The winner takes it all

What does books, songs, movies, photography and websites have in common?

Three things: high upfront costs, low marginal costs (the cost to let one more person see, hear or use the product) and the price is the same (on the internet: free with ads).

Normally when you buy something it is a trade-of between price and quality, but when the price is the same (or roughly the same), what do you do?

You buy the best. Hence most musicians don’t make money, most authors need a “real” job, most websites get no traffic and flickr has tons of pictures because it isn’t worth it to set the system up so that you can buy them.

Picture such as this sunset photo (by: Rachel Kramer) which has cost a lot of time and effort plus gear to make.

We have previously looked at power laws for words (in which I utterly failed to show the expected Zipfs distribution), but it is one thing for words, nobody really cares that “it” is only used 1% as often as “the”; it is an entirely different thing when we talk about people and their income.

Whenever newspapers or anybody else needs cheap outrage they always ends up taking about how the richest 1% owns x% of all the wealth which is exactly what you would expect in a world where there is no reason to not choose the best product. If anything it would surprise you that the split isn’t deeper (and if you dug into the numbers you would find that it was the richest 0.1% owns most of that: A household of two married surgeons are in the top 1% of income and while they live a good life their lifestyle is a lot closer to yours and mine than to that of Elon Musk).

The only reason we have more than one super-mega-hit band in the world is that different people like different music and that most people get tired of hearing the same couple of songs over and over again. The same is is the case for books and movies.

Humans aren’t very good at understanding exponential growth, but we are pretty awesome at pictures, so lets try to look at some graphs to better visualise this.

If we assume the Zipf distribution (that is that item in position x gets \frac{1}{x} of the amount of attention the item in the first position gets) then the winner gets 1 and the total sum for the first 1000 items is only 7.485470860550 (thank you Wolfram Alpha, but we don’t need to know that to 56 digits!), which means the first one gets a full 13.3592% of the total.

Only one problem: the article I linked to earlier suggest that the to 1% would own half of the worlds wealth (how accurate that is is another matter). So rather than the Zipf distribution, lets assume that the ith item gets \frac{1}{i^2} the attention of item 1. In this case the sum for the first 1000 is approximate 1.64393456668. That means that the first item gets approximately 60.8297% of the total – however if we include the remainder the total sum becomes 2, which means that the first item gets exactly half of the total – recall that \sum\limits_{i=0}^{i=\infty} \frac{1}{i^2} = 2

So lets see it:

powerYep, as shown this is pretty clearly screwed towards the top 1 item.

Now I am not saying that is any way a bad thing, just that it is and it is something we need to take into account when we try to model the world.

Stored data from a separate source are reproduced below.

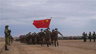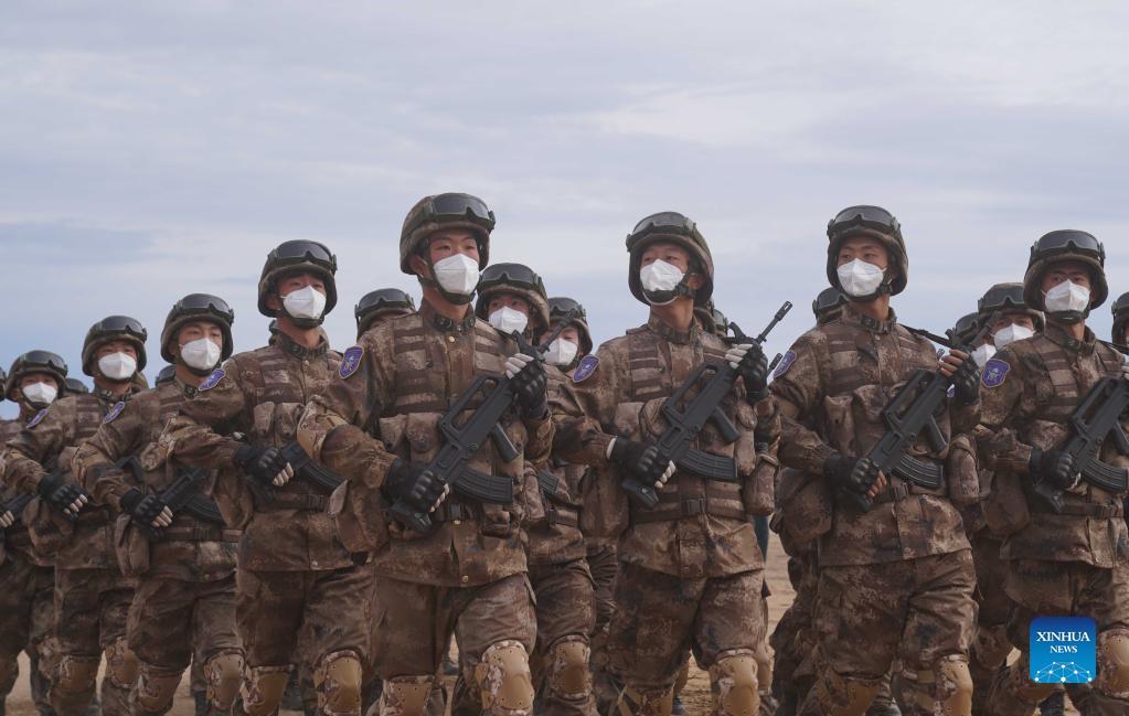 Chinese troops participate in the closing ceremony of the "Peace Mission 2021" counter-terrorism military drill of the Shanghai Cooperation Organization (SCO) member states, at the Donguz training range in Russia's Orenburg Region on Sept. 24, 2021. The "Peace Mission 2021" counter-terrorism military drill of the Shanghai Cooperation Organization (SCO) member states wrapped up on Friday in Russia. (Xinhua/Mei Shixiong)
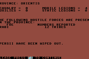 1983, the year The Fall of Rome was released on Commodore 64, as well as Atari 8-bit, BBC Micro and ZX Spectrum. Published by Argus Specialist Publications Limited, this strategy game is available for free on this page.
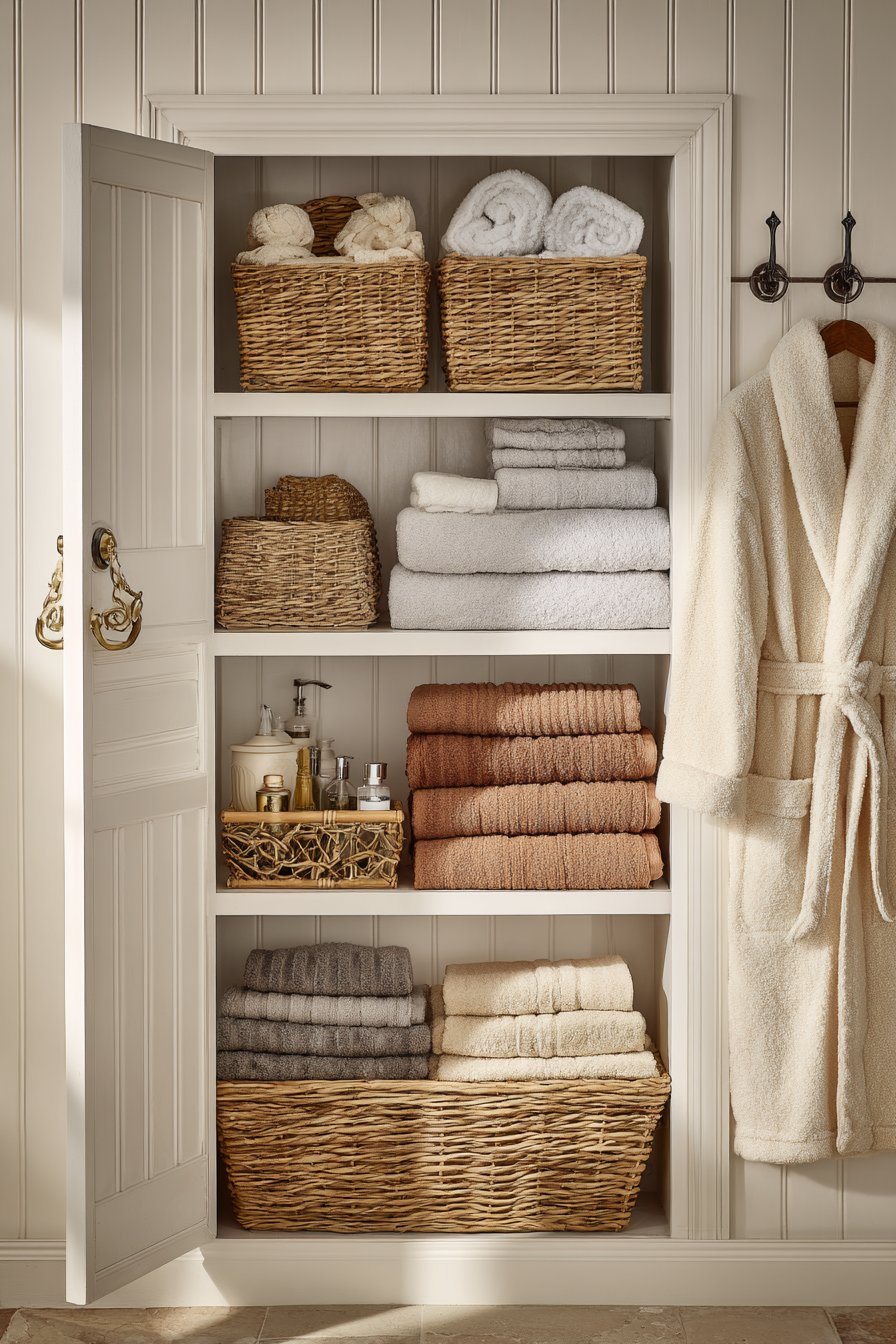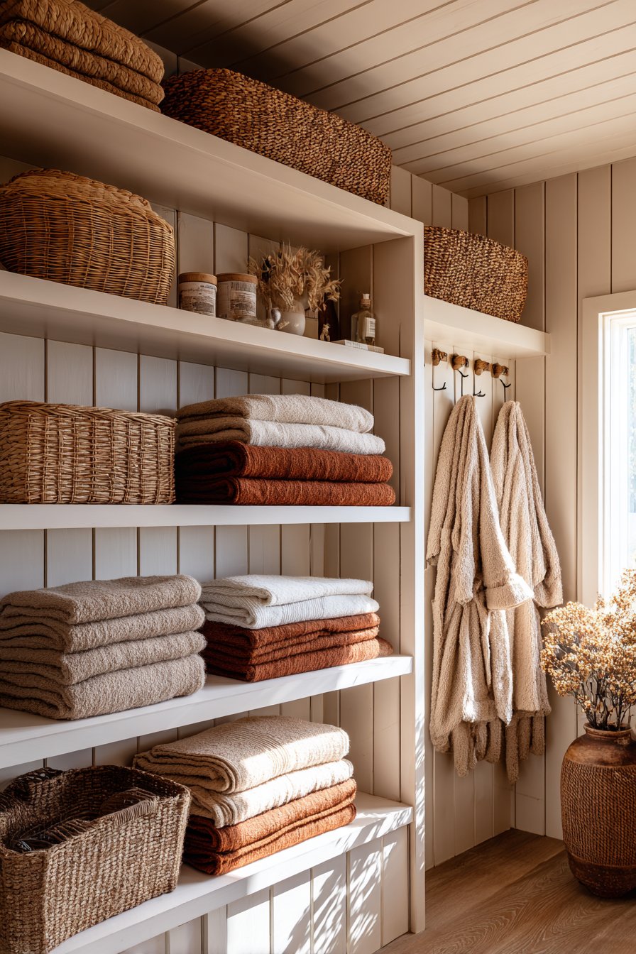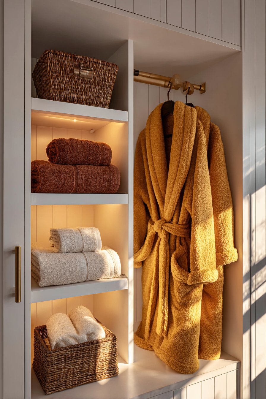 Open shelving within the closet displays woven baskets in natural rattan alongside neatly folded towels in rust and cream colors, creating a visually pleasing composition that’s both practical and beautiful. The transparency of open storage encourages organization and makes items easy to locate, while the warm materials and colors ensure the display enhances rather than detracts from the bathroom’s aesthetic. Brass hooks mounted on the side or front of the storage unit hold plush robes, adding convenience while contributing another warm metallic accent to the design.

As you noticed I mixed discrete and continuous numbers here which you strictly can’t do. So lets fix that by modelling of the most famous power law:

20% of the work will get you 80% of the results.

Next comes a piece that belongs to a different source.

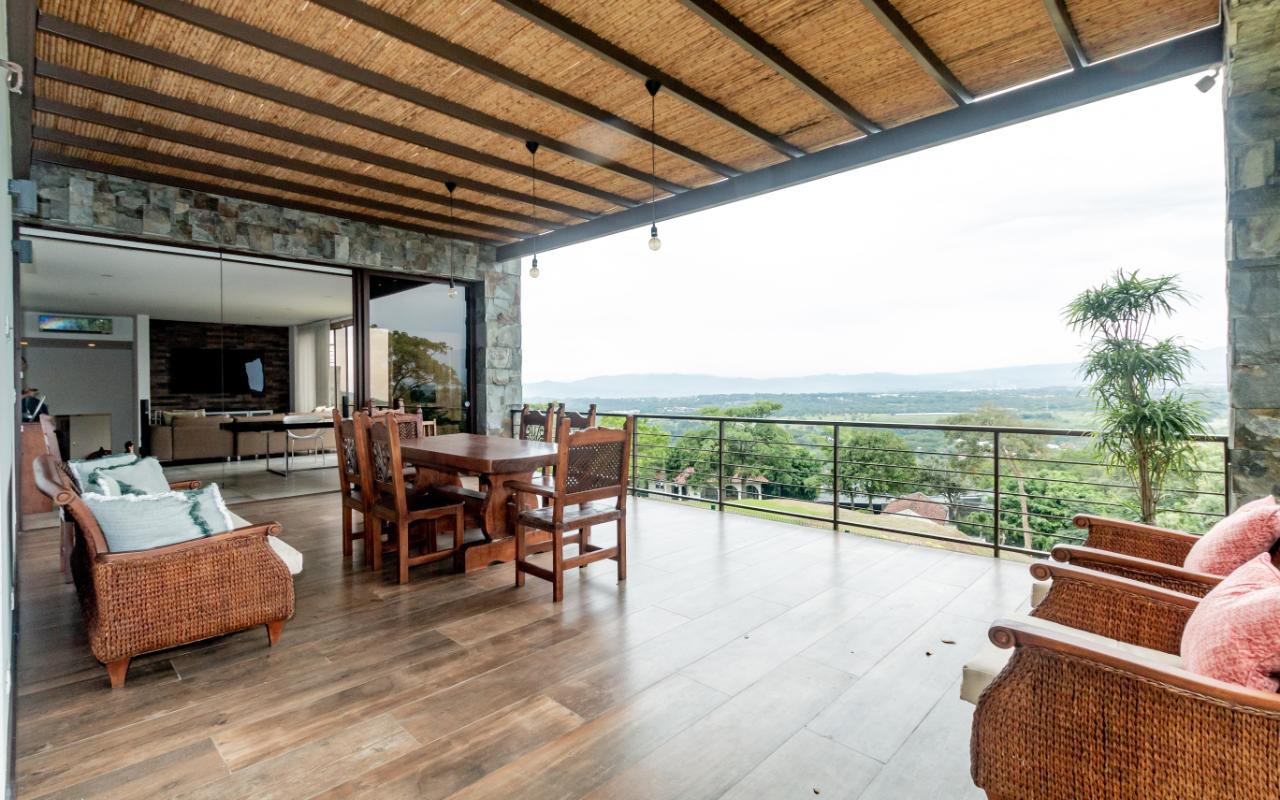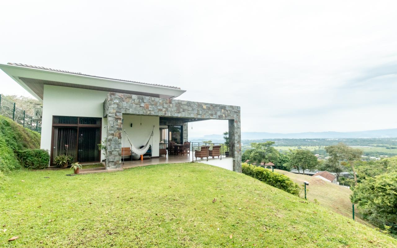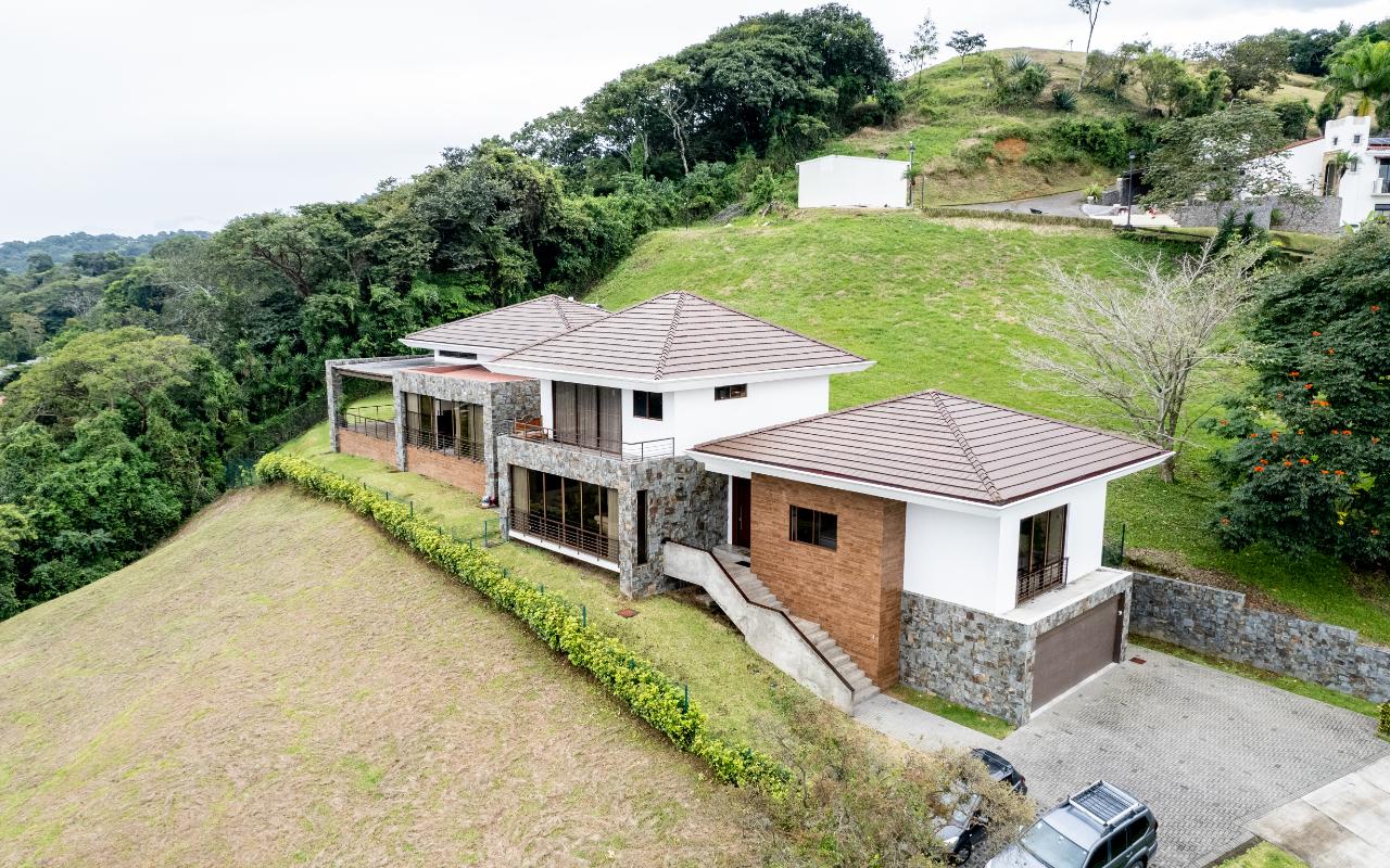 ID# 116471 – Luxury House for Sale in Brasil de Mora, Santa Ana, Altamira Residential Condominium, Costa Rica | 3 Bedrooms | 4 Bathrooms | 600 m² Construction | 2,200 m² Land Casa Luz is a refined luxury residence for sale in Brasil de Santa Ana, located within the exclusive Altamira residential condominium, one of the most private and consolidated gated communities in the western Central Valley of Costa Rica. This elegant two-story home offers 600 m² of construction on an expansive 2,200 m² lot, combining modern architecture, deluxe finishes, generous interior volumes, and truly spectacular 180-degree panoramic views over the valley. Designed for buyers seeking privacy, space, and long-term value, this property represents a rare opportunity in the high-end real estate market of Santa Ana, an area internationally recognized for its excellent climate, strong appreciation, and proximity to the country’s main lifestyle and business hubs. The main level of Casa Luz is dedicated to social living and entertaining, featuring an open yet well-defined layout that flows seamlessly toward large terraces designed to fully capture the sweeping valley views and fresh mountain breezes. Floor-to-ceiling windows surround the social areas, allowing abundant natural light, cross-ventilation, and a constant visual connection with the surrounding greenery. The contemporary kitchen is separated but visually integrated, offering high ceilings, a comfortable dinette area, white quartz countertops, and warm wooden finishes that balance elegance with functionality—ideal for both everyday living and hosting guests. This level also includes a versatile studio or family room, a laundry area, and a full service room with bathroom, providing excellent operational flow for a luxury home of this scale. The thoughtful distribution enhances privacy while maintaining a sense of openness throughout the residence, making it suitable for families, executives, or international buyers relocating to Costa Rica. All bedrooms are designed as private suites, each featuring fine hardwood floors, walk-in closets, and en-suite bathrooms finished with high-quality materials. The primary bedroom stands out as a true retreat, offering a spacious layout and a large private balcony with breathtaking 180-degree views of the valley—perfect for enjoying Santa Ana’s mild climate, cool evenings, and year-round pleasant weather. The property also includes approved blueprints for the construction of a fourth bedroom, adding flexibility and future value without compromising the existing design. Parking is efficiently resolved with a roofed two-car garage located on a lower level, complemented by ample additional driveway space for up to five more vehicles—an uncommon advantage in luxury homes within gated communities. Surrounding the residence are beautifully maintained gardens and green areas that enhance privacy, tranquility, and the overall sense of exclusivity that defines Casa Luz. Altamira condominium offers 24/7 security with controlled access and CCTV surveillance, wide internal streets, underground electrical wiring for a clean visual environment, and a residents’ clubhouse, all contributing to a secure and well-organized community. The location is one of the property’s strongest assets: just minutes from Multiplaza Escazú, Forum 1, top international schools, private hospitals, gourmet restaurants, and essential services, while remaining close to downtown Santa Ana and offering easy access to Escazú and major highways. Juan Santamaría International Airport (SJO) is approximately 30 minutes away, and the Pacific Coast beaches are reachable in about 90 minutes. This luxury house for sale in Brasil de Santa Ana delivers an exceptional combination of panoramic views, architectural quality, generous land, and strategic location within a secure gated community. Casa Luz is ideal for buyers seeking a private residence, a family home with expansion potential, or a long-term investment in one of Costa Rica’s most desirable high-end residential zones.

True? Probably not, but hey everybody else is jumping of this cliff so why shouldn’t we do that too?

So first things first: if the rule is true then it stands to reason that you can apply it recursively on itself, that is you can also do 4% of the work and get 64% of the work, or do 0.8% of the work to get 51.2% of the result.

So lets look at the corresponding graph:Results vs effort

Looking just at the effort curve we can see that almost everything after the second iteration doesn’t matter: indeed the area under the effort curve from 0 to 10 is 0.621335 whereas the area from 0 to 1 is 0.497068 – exactly 80% (as we should expect).

Thus this is a much more extreme curve than the one the author suggested, but not as extreme as other common power phenomenons: the best programmers are supposed to be 10 times as great as the average programmer (that would suggest x^0.1 rather than x^0.2, but otherwise give a pretty identical curve assuming this holds down the hierarchy).

In these kinds of scenarios the winner really do take everything.